Sink of heat: The sink is maintained at a fixed lower temperature ${{T}_{2}}$, to which any amount of heat can be emitted by the working substance. It also has infinite thermal capacity and as such its temperature remains constant at ${{T}_{2}}$ , even when any amount of heat is emitted to it.
Working substance: A perfect gas plays the role of a working substance. It is contained in a cylinder with non-conducting sides but having a perfectly conducting-base. This cylinder is fixed with a perfectly non-conducting and frictionless piston.
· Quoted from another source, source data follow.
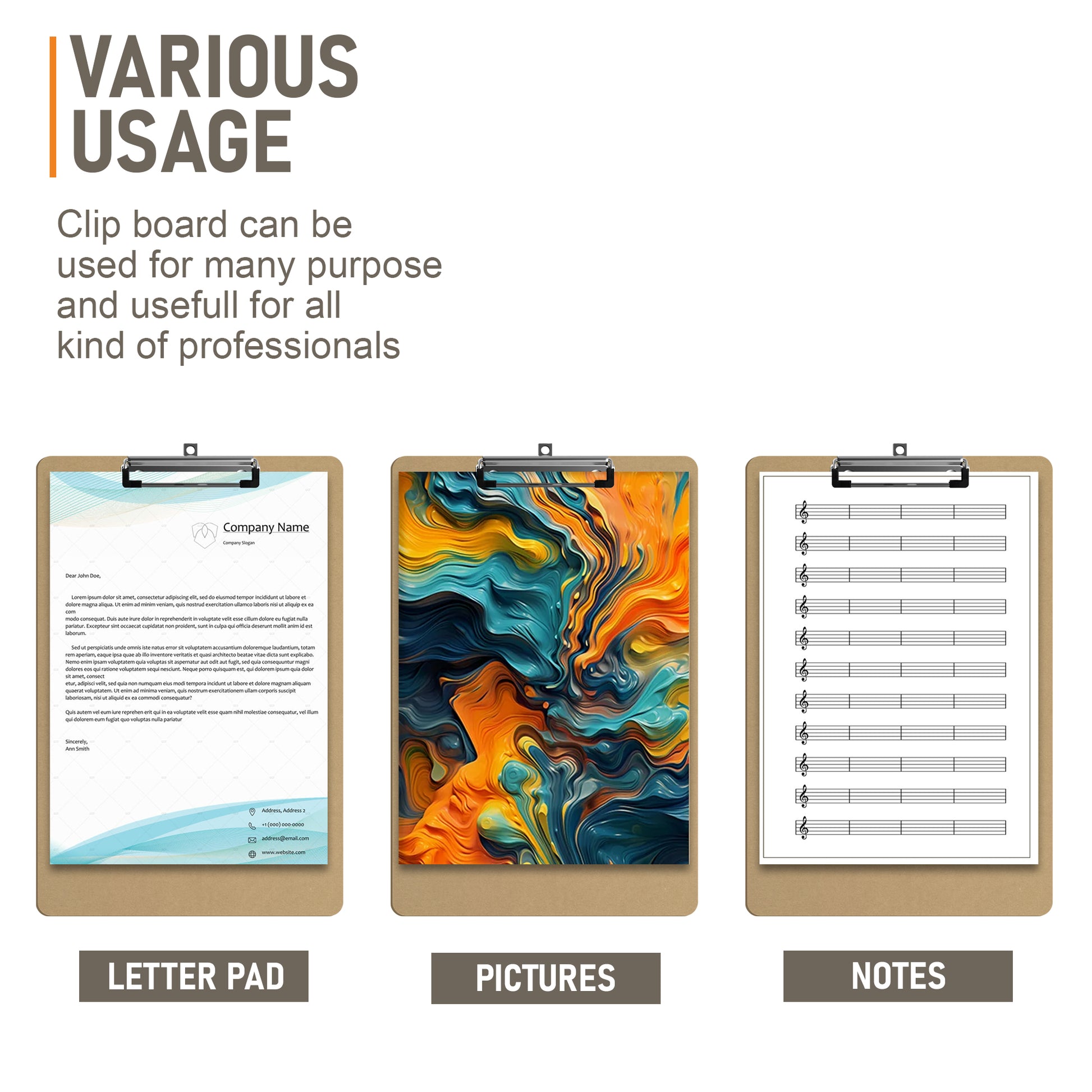 - Map van hardboardhout met metalen clip en gladde randen om krassen en sneden te voorkomen.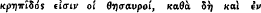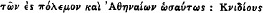 are cited as occurring in an Athenian decree inscribed upon the treasury. Another decree is cited where occur the words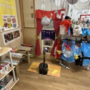ピアノへの興味をきっかけに、他の楽器や歌へと遊びが広がりました!スタンドマイクやステージを子どもたちと一緒に作ったことで、表現することをより楽しむ姿が見られるようになりました。最近ではオリジナルの衣装を身につけて、ノリノリで歌う姿も見られています♪共通点のあるアイテムを近くに配置することで、コーナーのテーマ性がさらに引き立つと感じています。

Apart from these essential parts, there is also a perfectly insulating stand or pad on which the cylinder can be positioned. It provides complete isolation to the working substance from the surroundings so that the gas can undergo adiabatic changes.
Working
The Carnot cycle consists of the following four stages:
Isothermal expansion
Adiabatic expansion
Isothermal compression
Adiabatic compression
The cycle is carried out by making use of the Carnot engine as detailed below:
Consider one gram mole of an ideal gas enclosed in the cylinder. Let \[{{V}_{1}}\], \[{{P}_{1}}\] and \[{{T}_{1}}\] be the initial volume, pressure and temperature of the gas respectively. The initial state of the gas is demonstrated by point A in the above P-V diagram. We may assume that all the four processes are quasi-static and non-dissipative in nature, which are the two conditions for reversibility.
Steps
1. Isothermal Expansion:
The cylinder is positioned on the source and the gas is allowed to expand from $A({{V}_{1}},{{P}_{1}})$ to $B({{V}_{2}},{{P}_{2}})$ by slow outward motion of piston. As the base is perfectly conducting, the process is isothermal.
Now,
$\Delta {{U}_{1}}=0$;
$\Rightarrow {{Q}_{1}}={{W}_{1}}=R{{T}_{1}}\ln \left( \frac{{{V}_{2}}}{{{V}_{1}}} \right)=Area\text{ }ABMKA$
where,
${{Q}_{1}}\to \text{Heat absorbed by gas}$in this process
${{W}_{1}}\to \text{Work done by gas}$ in this process
2. Adiabatic Expansion:
The cylinder is now removed from the source and is positioned on the perfectly insulating pad. The gas is allowed to expand further from $B({{P}_{2}},{{V}_{2}})\text{ to }C({{P}_{3}},{{V}_{3}})$. As the gas is thermally insulated from all sides, the process is adiabatic.
Here,
${{Q}_{2}}=0$;
$\Rightarrow \Delta {{U}_{2}}={{W}_{2}}=\frac{R\left( {{T}_{2}}-{{T}_{1}} \right)}{r-1}=\text{Area BCNMB}$
3. Isothermal Compression:
The cylinder is now removed from the insulating pad and is positioned on the sink at a temperature ${{T}_{2}}$. The piston is moved slowly so that the gas is compressed until the pressure is \[{{P}_{4}}\] and the volume is ${{V}_{4}}$.
Here,
$\Delta {{U}_{3}}=0$
${{W}_{3}}={{Q}_{3}}=R{{T}_{2}}\ln \left( \frac{{{V}_{4}}}{{{V}_{3}}} \right)=-\text{Area CDLNC}$
where,
${{Q}_{3}}=\text{Heat absorbed in this process}$
${{W}_{3}}=\text{Work done by gas in this process}$
4. Adiabatic Compression:
The cylinder is again positioned on the insulating pad such that the process remains adiabatic. Here, the gas is further compressed to its initial pressure and volume. i.e., ${{P}_{1}}\text{ and }{{V}_{1}}$.
Here,
${{Q}_{4}}=0$;
${{W}_{4}}=\Delta {{U}_{4}}=\frac{R\left( {{T}_{1}}-{{T}_{2}} \right)}{r-1}=-\text{Area DAKLD}$
Analysis:
Total work done by the engine per cycle is derived as:
\[W={{W}_{1}}+{{W}_{2}}+{{W}_{3}}+{{W}_{4}}\]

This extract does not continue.